WHAT TO WORK ON:
Set the pictures aside and write down, exactly as they appear, the lines from the one containing "Тумба Vod-ok 58" through the end of the material.

INPUT DATA:

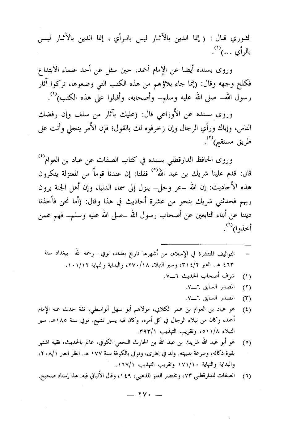 وروى الحافظ الدارقطني بسنده في كتاب الصفات عن عباد بن العوام قال: قدم علينا شريك بن عبد الله فقلنا: إن عندنا قوماً من المعتزلة ينكرون هذه الأحاديث: إن الله - عز وجل - ينزل إلى سماء الدنيا، وإن أهل الجنة يرون ربهم فحدثني شريك بنحو من عشرة أحاديث في هذا وقال: (أما نحن فأخذنا ديننا عن أبناء التابعين عن أصحاب رسول الله - صلى الله عليه وسلم - فهم عمن أخذوا) .
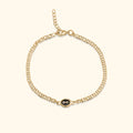 This bracelet is super cool! The bracelet is made of a delicate link with a mother of pearl stone in between. Wear this bracelet together with other bracelets and match it with your jewelry.
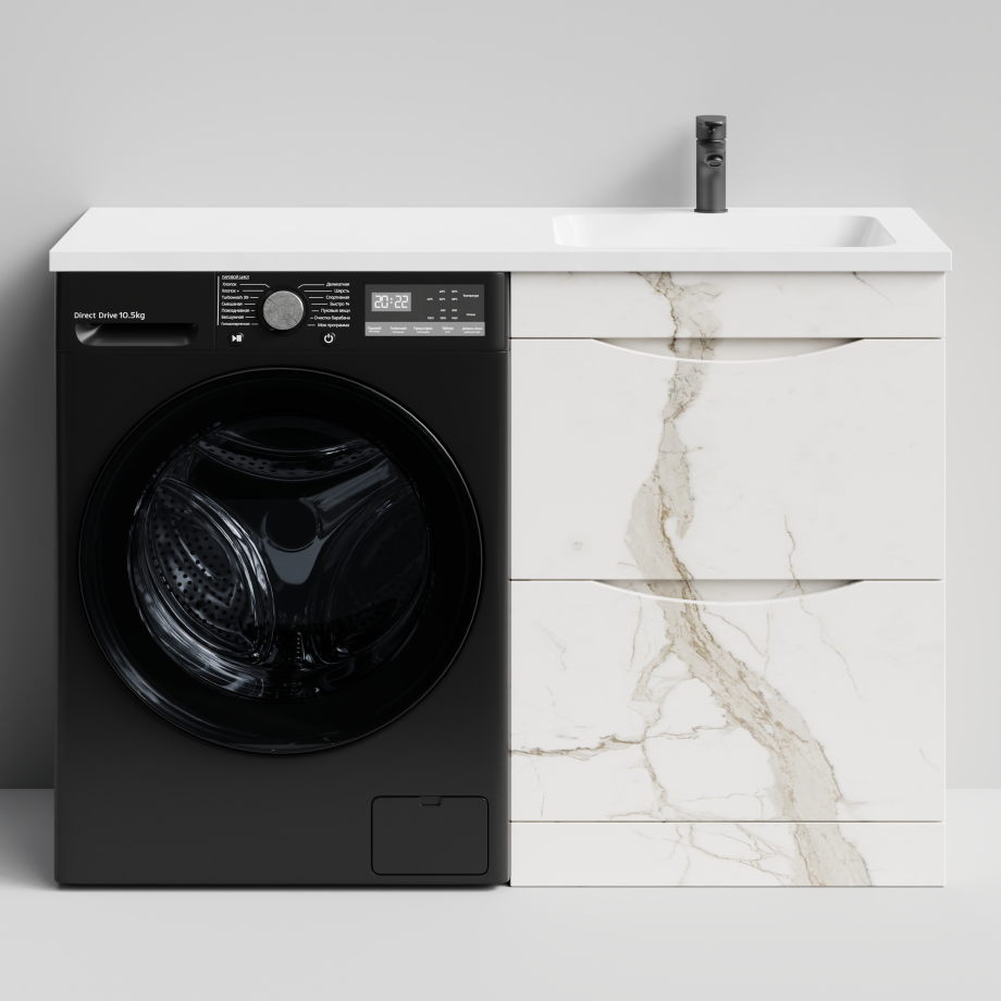 Тумба Vod-ok 58 с раковиной Смайл 120 напольная, под стиральную машину, правая, Мрамор Белый натур милк
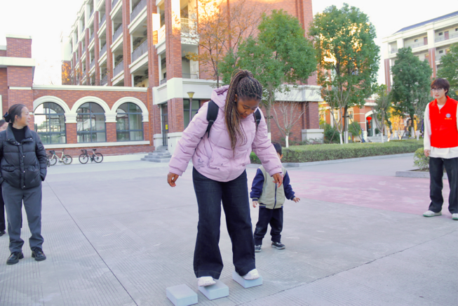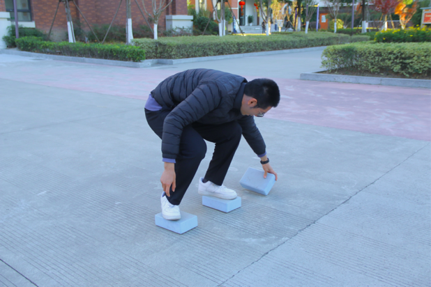 摸石过河游戏考验着选手的平衡感与专注力,脚踩泡沫石头,目光紧盯前方,步步稳扎稳打闯过十米赛道。同学们轮番上阵,在欢笑与挑战中收获勇气与友谊,沉浸式体验游园乐趣。

REPLY:
 Тумба Vod-ok 58 с раковиной Смайл 120 напольная, под стиральную машину, правая, Мрамор Белый натур милк
 摸石过河游戏考验着选手的平衡感与专注力,脚踩泡沫石头,目光紧盯前方,步步稳扎稳打闯过十米赛道。同学们轮番上阵,在欢笑与挑战中收获勇气与友谊,沉浸式体验游园乐趣。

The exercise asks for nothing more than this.